Nominated for best director at the Academy Awards: Chloé Zhao for Nomadland and Emerald Fennell for Promising Young Woman.Credit:AP
But after years of debate about the impact of China on Hollywood, the Beijing-born filmmaker is up for four Oscars for producing, directing, writing and editing Nomadland. She went to boarding school in London, high school in California then film school in New York.
While Chinese state news outlets were initially jubilant when Zhao became the first Asian woman to win best director at the Golden Globes this month, nationalists in the country quickly turned against her, pointing to a 2013 interview where she called her native country a place “where there are lies everywhere”.
Zhao was thrilled by the recognition. “I’m grateful to have gone on this journey with our talented team of filmmakers and to have met so many wonderful people who generously shared their stories with us,” she said.
Fennell, 35, wrote and executive produced season two of the hit TV series Killing Eve but has achieved something rare with her first film – three Oscar nominations for producing, directing and writing. And the British filmmaker can also act, playing Camilla Parker Bowles in the television series The Crown.
Acting nominee Maria Bakalova and Sacha Baron Cohen in Borat Subsequent Moviefilm.Credit:Amazon
“I’m barely able to speak in coherent sentences after this unbelievable news,” Fennell said. “There have been so many exceptional female filmmakers this year, making such beautiful, inspiring, challenging, varied work, that I am truly honoured and grateful to be among their number.”
The groundbreaking duo are up for best direction against David Fincher (Mank), Lee Isaac Chung (Minari) and, surprisingly, Denmark’s Thomas Vinterberg (Another Round), with Aaron Sorkin (The Trial of the Chicago 7) unlucky to miss a nomination.
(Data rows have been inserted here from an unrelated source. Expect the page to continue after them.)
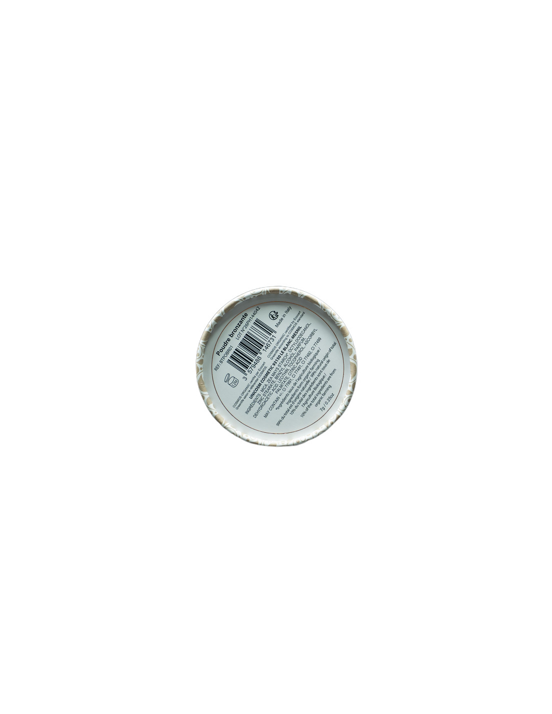 - Mica, Zea Mays Starch*, Octyldodecanol, Zinc Stearate, Benzyl Alcohol, Parfum, Dehydroacetic Acid, Lecithin, Tocopherol, Ascorbyl Palmitate, Citric Acid, May Contain +/-
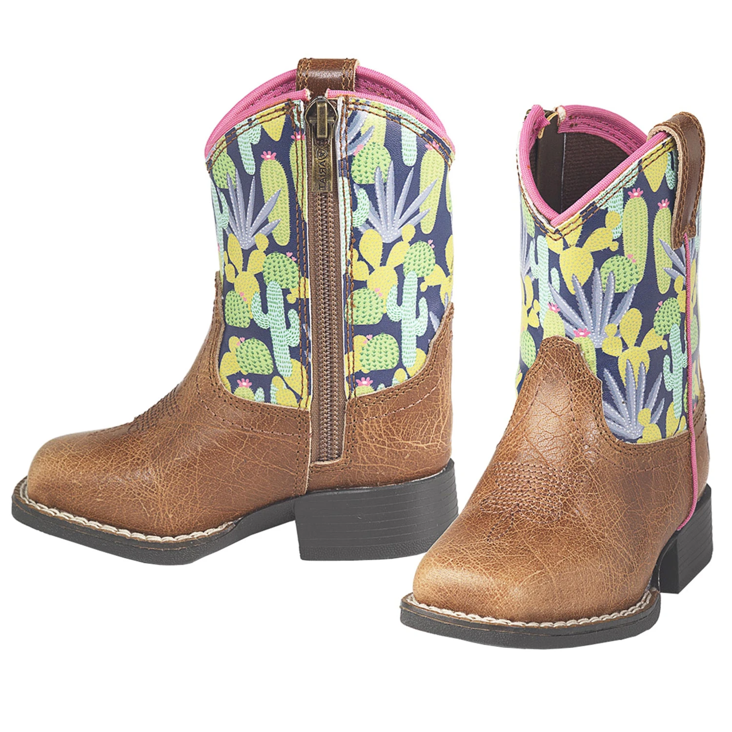 Dress em up in style with these Ariat Lil’ Stompers boot. Genuine leather vamp with a colorful cactus shaft. Leather boot pulls.Â
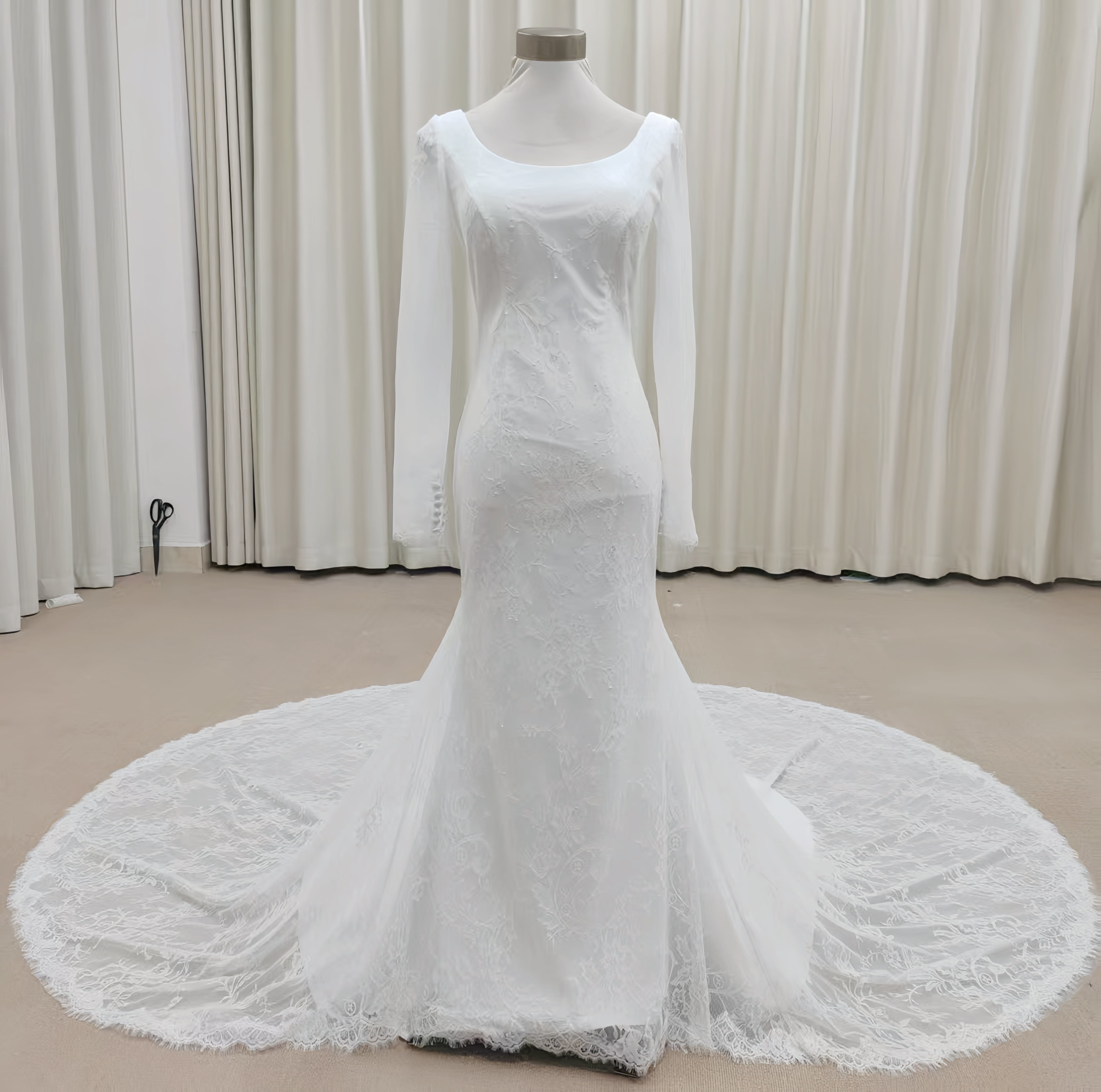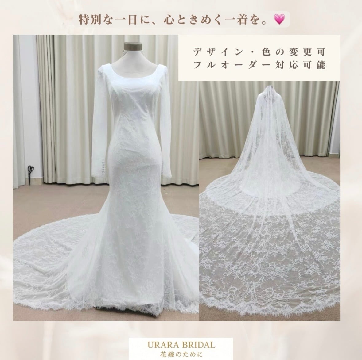 優雅な長袖マーメイドドレス|繊細レース×ロングトレーン|背中Vデザインのウェディングドレス
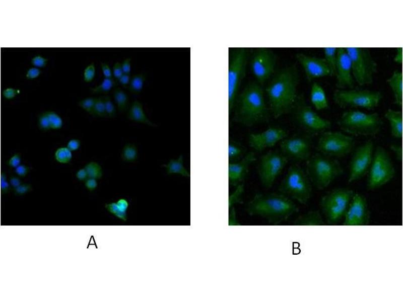 Immunofluorescence: Strong expression of the protein seen in the cytoplasm. Dividing cells appear to show enhanced expression. Recommended concentration: 5μg/ml.
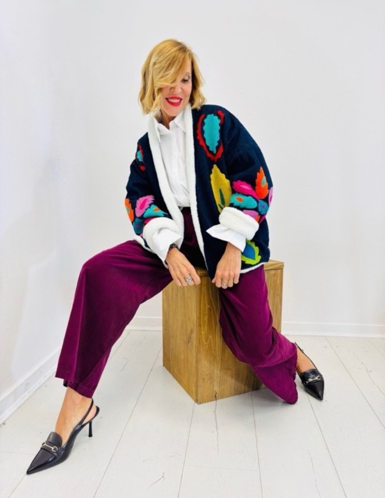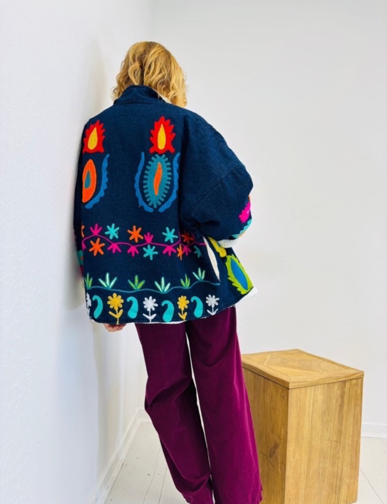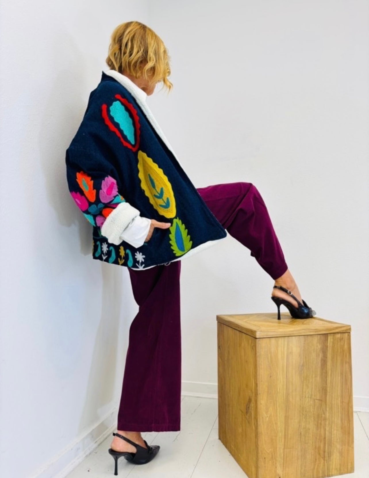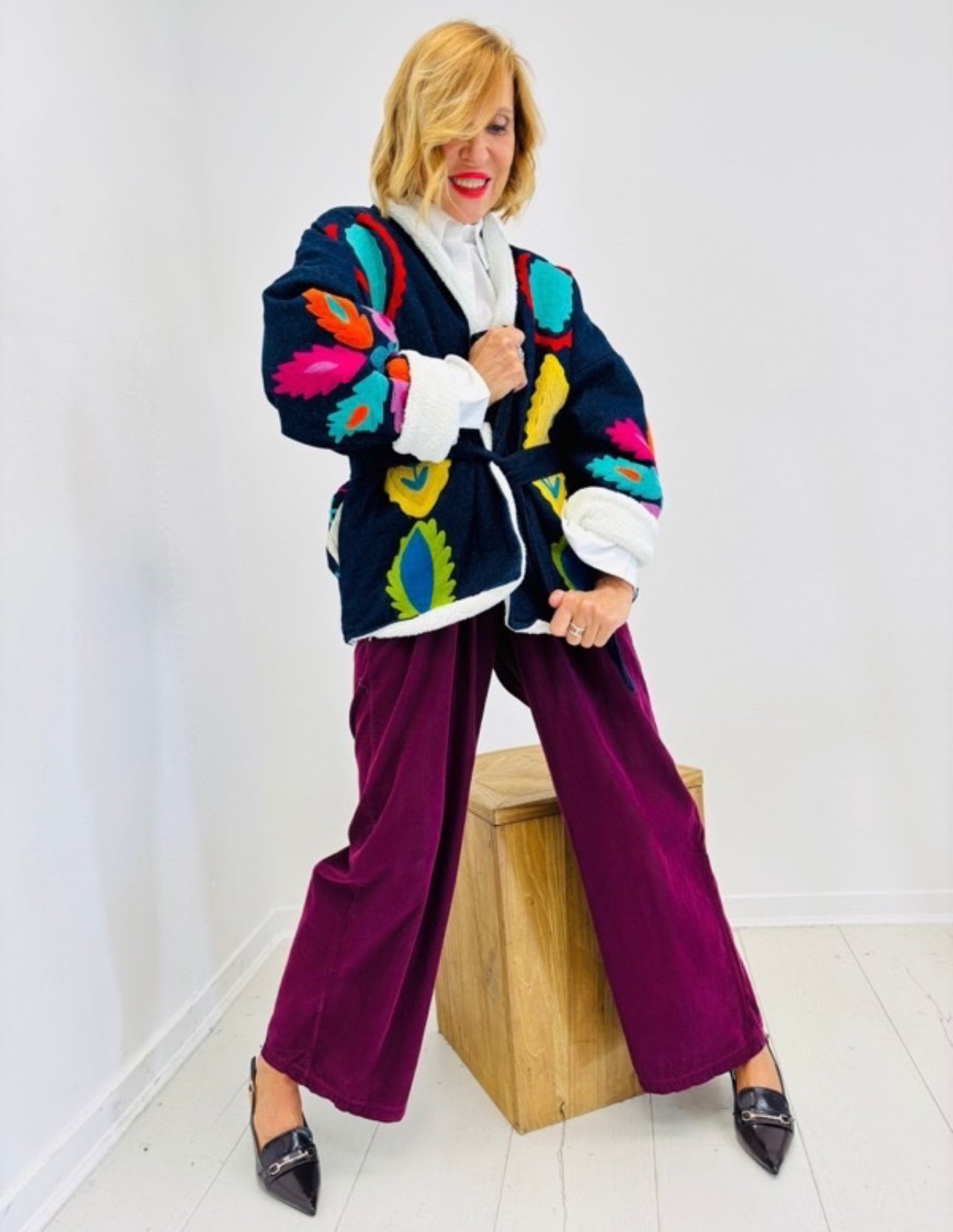 A sua corte oversize inspirado no kimono confere liberdade de movimento e uma silhueta descontraída, enquanto as bordaduras multicoloridas transformam-na numa verdadeira peça de destaque.

Sacha Baron Cohen, who lives in Sydney with actress wife Isla Fisher, is up for two Oscars – best adapted screenplay for the edgy political comedy Borat Subsequent Moviefilm and best supporting actor for playing activist Abbie Hoffman in the political courtroom drama The Trial of the Chicago 7.
“I’m incredibly humbled and grateful to the Academy for both nominations!,” he said. “To the team of Trial of the Chicago 7 – acting is a team sport, and I would not be in this position if it were not for the brilliance of Aaron Sorkin and the incredibly talented actors and crew that he surrounded us with and who lifted us up every day.”
Bulgaria’s Maria Bakalova (Borat Subsequent Moviefilm) and Andra Day (The United States vs Billie Holiday) are among the breakthrough acting talents that join past Oscar winners Anthony Hopkins (The Father), Gary Oldman (Mank), Viola Davis (Ma Rainey’s Black Bottom) and Olivia Colman (The Father).
Mank, the inventive telling of a nostalgic Hollywood story about Herman Mankiewicz writing Citizen Kane, leads the nominations with 10. It contributed to Netflix’s dominant 35 nominations – up from 24 last year.
But Nomadland’s success during the disrupted and delayed Hollywood awards season makes it favourite to win best picture.
Two nominations: Frances McDormand in Nomadland. Credit:Searchlight
They are up against The Trial of the Chicago 7, Sound of Metal, The Father, Judas and the Black Messiah, Minari and Promising Young Woman.
While the Golden Globes are a sideshow, the Oscars still matter for the attention they give to the best of cinema – the compelling movies engaging with social and political issues that would struggle for attention amid the blockbusters in a more normal movie-going year.
But whether they can do better at drawing television viewers than the flagging Golden Globes and Grammys on April 25 is another question.
So who was unlucky?
Certainly Australian cinematographer Lachlan Milne for Minari. Definitely the blazingly brilliant Zendaya in Malcolm & Marie. And Regina King’s One Night In Miami and Jason Woliner’s Borat Subsequent Moviefilm could easily have filled out the best picture nominations.